La nostalgia non sempre arriva come un’ondata. A volte è un filo leggero che tira, una presenza discreta che dice:

“Una parte di te è altrove”.

Non va repressa: spesso è solo un promemoria di ciò che ci sostiene.




Nostalgia e presenza


Si può essere in un luogo, ma non esserci del tutto.

Capita di tornare in hotel dopo uno spettacolo incredibile e sentire una sorta di vuoto: non uno scoramento, ma un piccolo scarto tra ciò che viviamo fuori e ciò che abita dentro.

Dal punto di vista psicologico, questa sensazione è del tutto normale. Essere lontani richiede una continua riorganizzazione interna, si cambiano ritmi, riferimenti, relazioni e il corpo deve trovare ogni volta nuove ancore.


I segnali possono essere sottili: respiro più corto, tensione al petto, stanchezza profonda, irritabilità, difficoltà a concentrarsi. Il corpo che dice “sto lavorando per adattarmi”.

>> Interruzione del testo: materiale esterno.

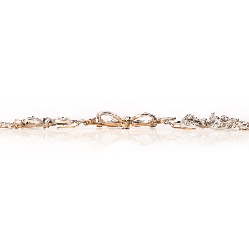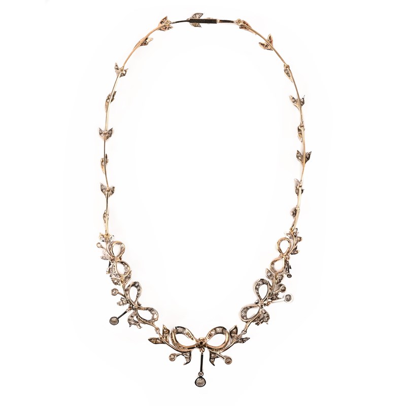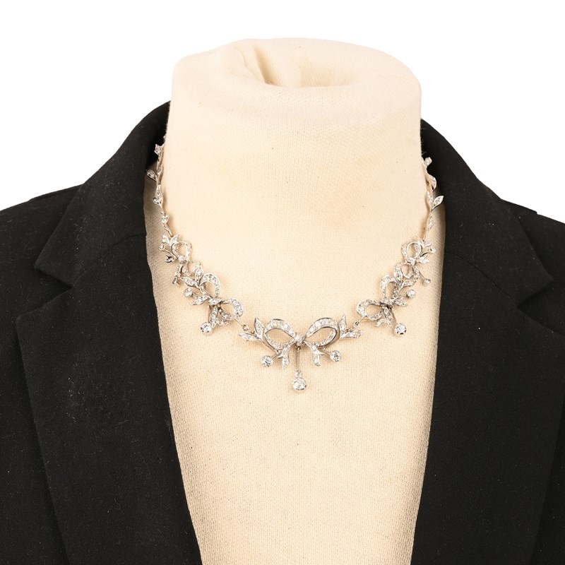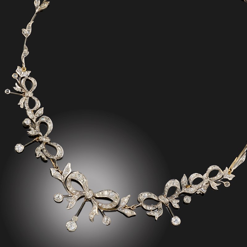 A DIAMOND NECKLACE, designed as a row of diamond-set vine leaves centring on a row of graduating stylised diamond-set bow motifs, suspending diamond-set articulated drops, in white gold, the necklace detaches into five sections and the principal bow has brooch fittings to the reverse, also with a brooch pin, length as a necklace 40cm, brooch width 5cm

Ascoltarlo significa riconoscere che abbiamo un mondo interno che si muove insieme a noi.


Il corpo che comunica


Quando la vita esterna chiede flessibilità, anche la parte fisiologica entra in gioco.

Il sistema nervoso lavora per regolare la nostra risposta interna ai continui cambiamenti, l’ambiente, le persone, gli orari.

È un processo normale, ma richiede energia.


La vera domanda diventa: sto ascoltando veramente i segnali interni, mentre vivo ciò che amo?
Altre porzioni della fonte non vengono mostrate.